Assembler Home

1. ARM 64-bit Assembly
2. Simplest programs
3. Integers
4. Main memory
5. Arrays
6. Branching and loops
7. Functions
8. Floating point

6. Branching and Loops

1. Introduction to branching

Regular instructions in an assembly code are executed from top to bottom. Branching instructions provide a way to change the order of the execution. With appropriate branch instructions we can create conditional branches equivalent to if statements in high-level languages. We can also create loops and functions.

2. Labels

We need to put labels in the code before we can use the branching instructions. Labels are single words that end with the symbol :. The labels should be placed in separate lines in the code.

3. Unconditional branching instruction B

The instruction B requires one argument that must be a name of a label. The label must appear somewhere else in the code. The instruction will cause the program to immediately go to the specified label. Let us consider the following example.

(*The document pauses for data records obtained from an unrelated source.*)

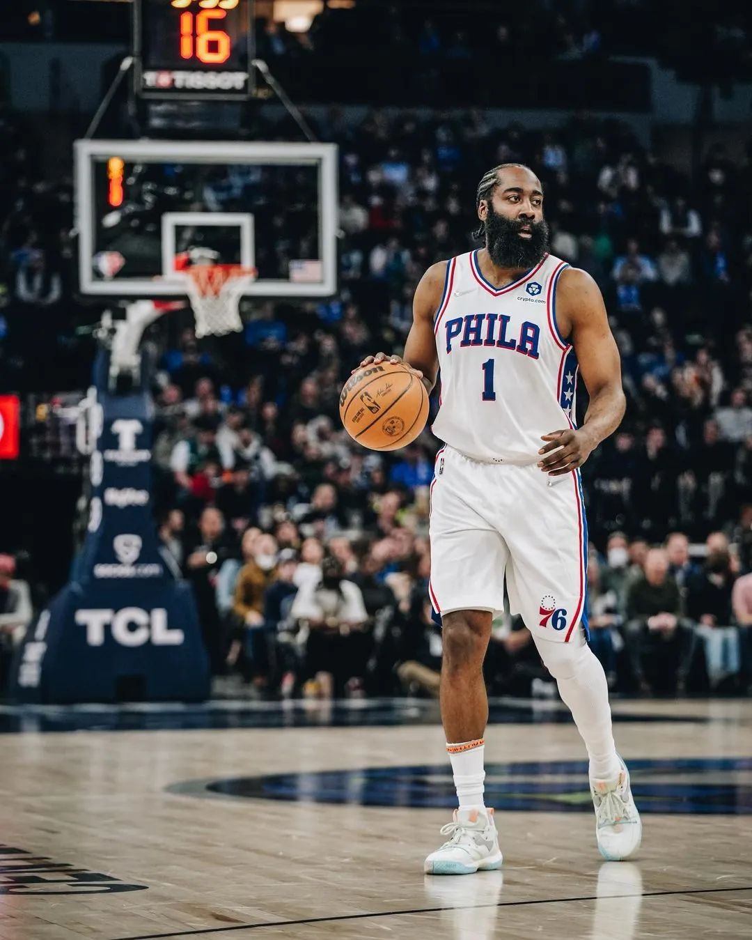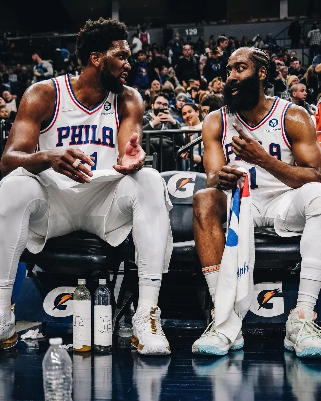 来到费城之后,哈登出战16场比赛,场均得到22.7分7.5篮板9.6助攻1.4抢断0.3盖帽3.2失误,投篮命中率41.3%,三分命中率34.3%,罚球命中率88.6%(场均命中8.8记罚球)。和在篮网时相比,他的三分命中率和罚球命中率略有提升。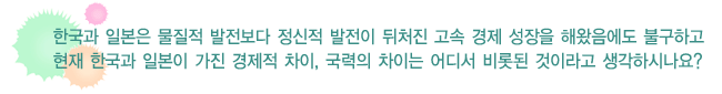 일본은 19세기 중반에 명치유신(明治維新)을 통하여 봉건사회를 청산하고 천황 친정 형태의 통일국가를 형성시킨 다음 서양의 문물을 받아드려 개혁을 추진한 반면, 한국은 19세기 말까지 이조 봉건체제하에서 외부 세계로부터 차단된 “은둔의 나라”로 머물러있었고, 이조 말엽에. 김옥균(金玉均), 박영효(朴泳孝) 서재필(徐載弼) 등이 개화 운동을 벌였으나 조선(朝鮮)왕조의 정치적 무력과 일본의 침략으로 개화주의는 빛을 보지 못했고 결국 우리 민족은 36년간 일제의 식민통치하에서 신음해야 했습니다. 따라서 한국은 근대화와 발전이 늦어진 것은 당연합니다. 그러나 1960년대부터 한국은 고도성장을 계속하여 일본을 거의 따라잡게 되었습니다. 근대사를 공부하세요.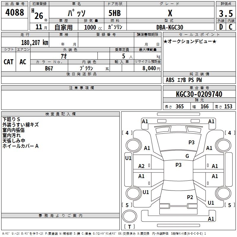 TOYOTA PASSO X - лот 4088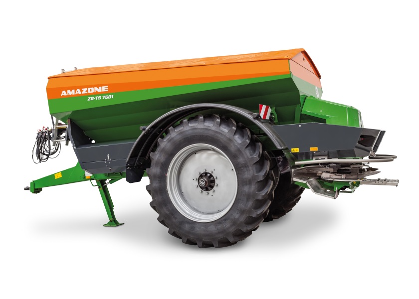 zintegrowanemu systemowi rozsiewu granicznego AutoTS - Dokładne kopiowanie śladów kół ciągnika za pomocą osi skrętnej z 28° kątem skrętu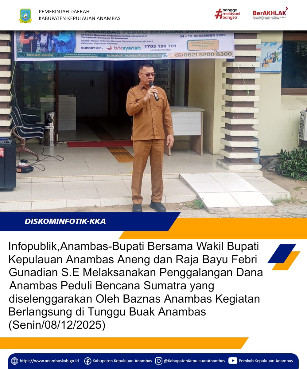 Infopublik,Anambas - Bupati Bersama Wakil Bupati Kabupaten Kepulauan Anambas Aneng dan Raja bayu Febri Gunadian,S.E Melaksanakan Penggalangan Dana Anambas Peduli Bencana Sumatera yang diselenggarakan Oleh Baznas Anambas Kegiatan Berlangsung di Tunggu Buak Anambas (Senin,08/12/2025)

          MOV     X1,     15
          MOV     X2,     20
          B       label001
          MOV     X1,     25
label001:
          MOV     X2,     30

The contents of X1 and X2 will be 15 and 30. The command MOV X1, 25 is not executed.

4. Conditional branching instructions

Conditional branching is achieved by two instructions. The first is the comparison instruction, whose execution sets values in comparison flags. The second instruction reads the flags and decides whether to do the branching or to continue executing the code without branching.

4.1. Comparison instruction CMP

The instruction has two registers as the arguments. If we give the instruction 

CMP     X5,     X6

the computer will evaluate the difference X5-X6. However, instead of storing the difference in one of the registers, the CPU will update the conditional flags. There are more than 10 conditional flags. We will focus on the 10 most important ones.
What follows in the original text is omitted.